For instance, during the 2020–2021 bull run, global M2 surged as governments unleashed massive stimulus packages to counter the COVID-19 economic fallout. Bitcoin, after a brief lag, skyrocketed from $10,000 to nearly $69,000 by November 2021. Conversely, when liquidity growth reversed in 2022, Bitcoin entered a bear market, bottoming out around $16,000.
The Year-on-Year Δ
While the M2 chart provides a reliable macro view, it has limitations. Its long-term trend is “up and to the right”, reflecting the relentless growth of money supply in modern economies. This aligns with Bitcoin’s long-term bullish trend but obscures shorter-term fluctuations. To address this, we can refine our approach by examining the year-on-year Δ in M2 (the percentage change in money supply over the past 12 months), to highlight whether liquidity is accelerating or decelerating.

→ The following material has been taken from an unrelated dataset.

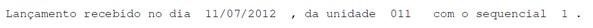 Lançamento recebido no dia «DATA DE PAGAMENTO», da unidade «UNIDADE» com o sequencial «SEQUENCIAL AUTENTICAÇÃO».
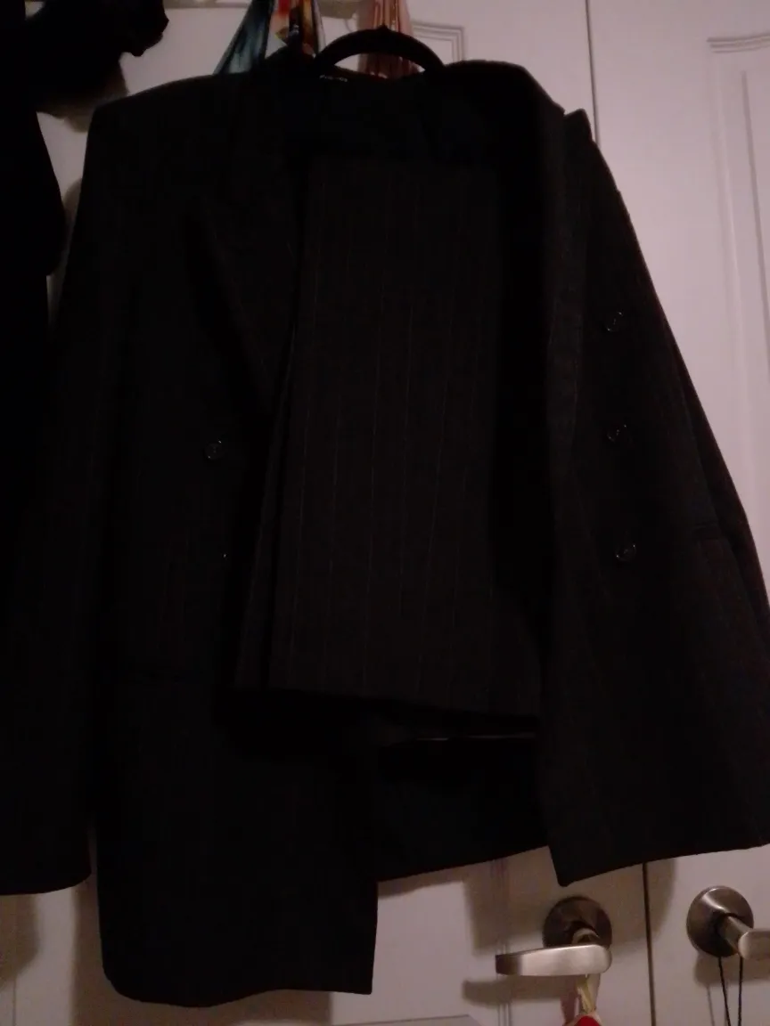 Selling a men's pinstripe suit. It's in good condition and ready for a new home! Perfect for work or special occasions

Key Observations from the M2 YoY Δ
Cycle Peaks and Liquidity Booms: Historical data shows that Bitcoin’s bull market peaks often coincide with rapid increases in M2 year-on-year growth, as seen in 2017 and 2021.
Bear Market Bottoms: Contractions in liquidity, like the one in 2022, signal potential market bottoms, as reduced capital flow starves risk assets like Bitcoin.
Current Trend: With M2 growth at 8% year-on-year, liquidity is expanding steadily, indicating Bitcoin is not yet at a cycle peak but may be gearing up for one.
The Liquidity Correlation Index
Let’s take this a step deeper. Introducing a custom metric: the Liquidity Correlation Index (or LCI), which measures how closely Bitcoin’s year-on-year price growth aligns with M2 liquidity growth over a 3 month window. When the LCI is high (displayed as light grey), Bitcoin and liquidity YoY are moving in lockstep. However, when the LCI dips and flashes a bright teal colour, it signals a divergence — either Bitcoin outpacing liquidity or vice versa.